4 KAR 1:030. Rollovers and transfers to other plans.

 

      RELATES TO: KRS 6.525, 6.515, 21.370, 21.460, 21.540, 26 U.S.C. 401(a)(31), 402(c), 403(a), (b), 408, 408A, and 457(b).

      STATUTORY AUTHORITY: KRS 21.540

      NECESSITY, FUNCTION, AND CONFORMITY: KRS 21.540(2) authorizes the board of trustees of the Judicial Form Retirement System to promulgate administrative regulations, with retroactive effect if required by federal law, to conform the Kentucky Judicial Retirement Plan and the Kentucky Legislators Retirement Plan with federal law and to meet the qualification requirements under 26 U.S.C. 401(a). This administrative regulation establishes what constitutes eligible rollover distributions, eligible retirement plans, distributions, distributees, and direct rollovers for purposes of compliance with 26 U.S.C. 401(a).

 

      Section 1. Definition. "Plan" means the Kentucky Judicial Retirement Plan and the Kentucky Legislators Retirement Plan.

 

      Section 2. Effective January 1, 1993, "eligible rollover distribution" shall include any distribution of all or any portion of the balance to the credit of the distributee, except:

      (1) A distribution that is one (1) of a series of substantially equal periodic payments made at least annually:

      (a) For the life or life expectancy of the distributee and the distributees beneficiary;

      (b) For the joint lives or joint life expectancy of the distributee and the distributees beneficiary; or

      (c) For a specified period of ten (10) years or more;

      (2) Any distribution to the extent that the distribution shall be required pursuant to 26 U.S.C. 401(a)(9), except as provided in Section 3 of this administrative regulation;

      (3) The portion of any distribution that is not includable in gross income; or

      (4) Any other distribution that is reasonably expected to total less than $200 during the year.

 

      Section 3. (1) Effective January 1, 2002, a portion of a distribution shall not fail to be an eligible rollover distribution merely because the portion consists of after-tax employee contributions that are not includable in gross income. This portion may be transferred:

      (a) Only to:

      1. An individual retirement account or annuity described in 26 U.S.C. 408(a) or (b);

      2. A qualified defined contribution plan described in 26 U.S.C. 401(a);

      3. On or after January 1, 2007, a qualified defined benefit plan described in 26 U.S.C. 401(a); or

      4. An annuity contract described in 26 U.S.C. 403(b); and

      (b) To an account or plan provided for in paragraphs (a)2. to 4. of this subsection that agrees to separately account for amounts so transferred, and earnings on those amounts, including separately accounting for the portion of the distribution:

      1. That is includable in gross income; and

      2. That is not so includable.

      (2) Effective January 1, 1993, "eligible retirement plan" shall include any of the following that accepts the distributees eligible rollover distribution:

      (a) An individual retirement account described in 26 U.S.C. 408(a);

      (b) An individual retirement annuity described in 26 U.S.C. 408(b);

      (c) An annuity plan described in 26 U.S.C. 403(a);

      (d) A qualified trust described in 26 U.S.C. 401(a);

      (e) Effective January 1, 2002, an annuity contract described in 26 U.S.C. 403(b);

      (f) Effective January 1, 2002, a plan eligible under 26 U.S.C. 457(b) that is maintained by a state, political subdivision of a state, or any agency or instrumentality of a state or a political subdivision of a state that agrees to separately account for amounts transferred into that plan from the Plan; or

      (g) Effective January 1, 2008, a Roth IRA described in 26 U.S.C. 408A.

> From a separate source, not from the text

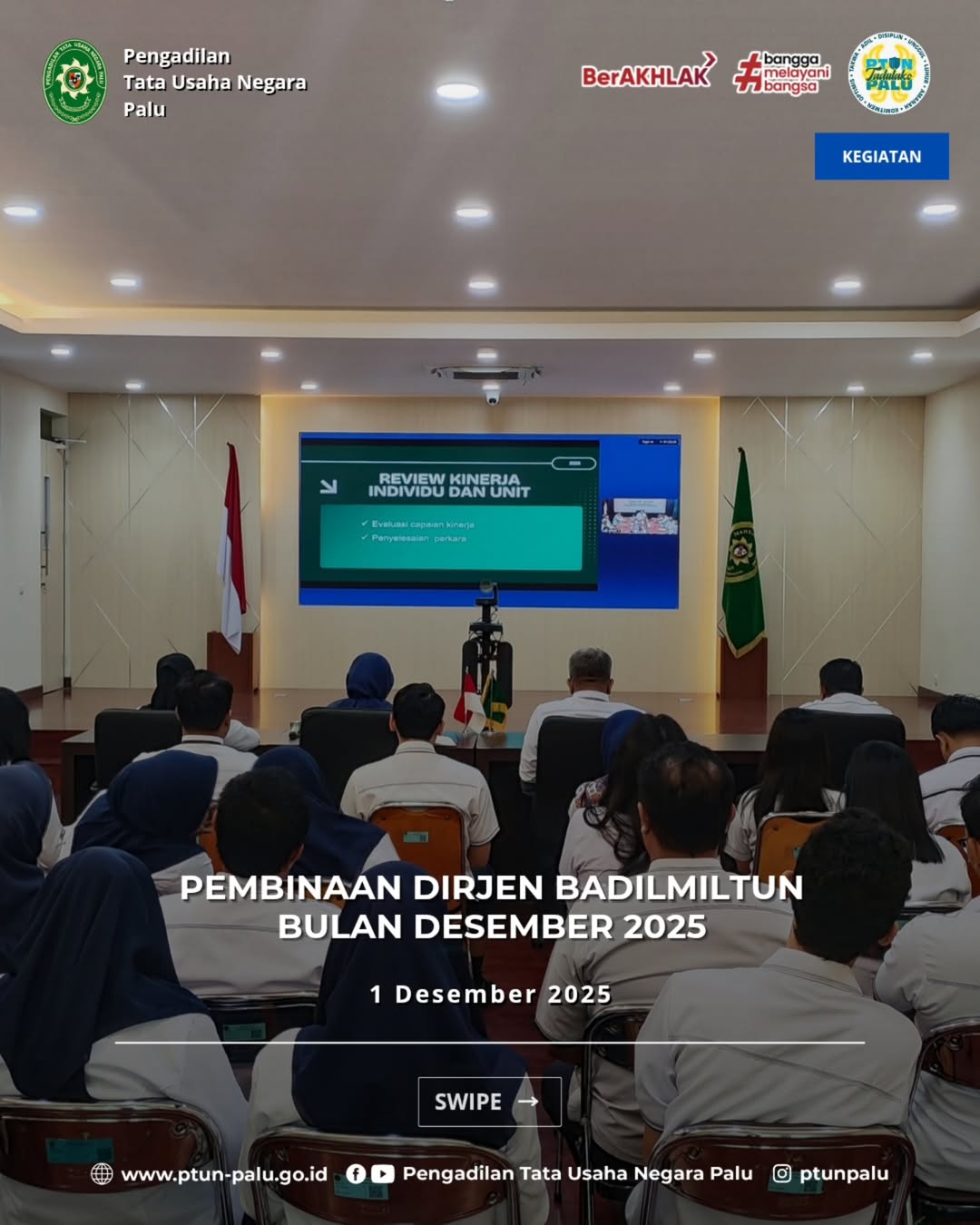 Pembinaan Dirjen Badilmiltun bulan Desember 2025 dilaksanakan secara daring yang diikuti oleh seluruh Aparatur PTUN Palu.

      (3)(a) To be considered a distributee, a person shall be:

      1. A member; or

      2. Effective July 1, 2010, a nonspouse beneficiary who is a designated beneficiary as defined by 26 U.S.C. 401(a)(9)(E).

      a. A nonspouse beneficiary shall rollover the distribution only to an individual retirement account or individual retirement annuity established for the purpose of receiving the distribution; and

      b. The account or annuity shall be treated as an "inherited" individual retirement account or annuity.

      (b) "Direct rollover" shall include a payment by the plan to the eligible retirement plan specified by the distributee. (37 Ky.R. 875; eff. 12-3-2010.)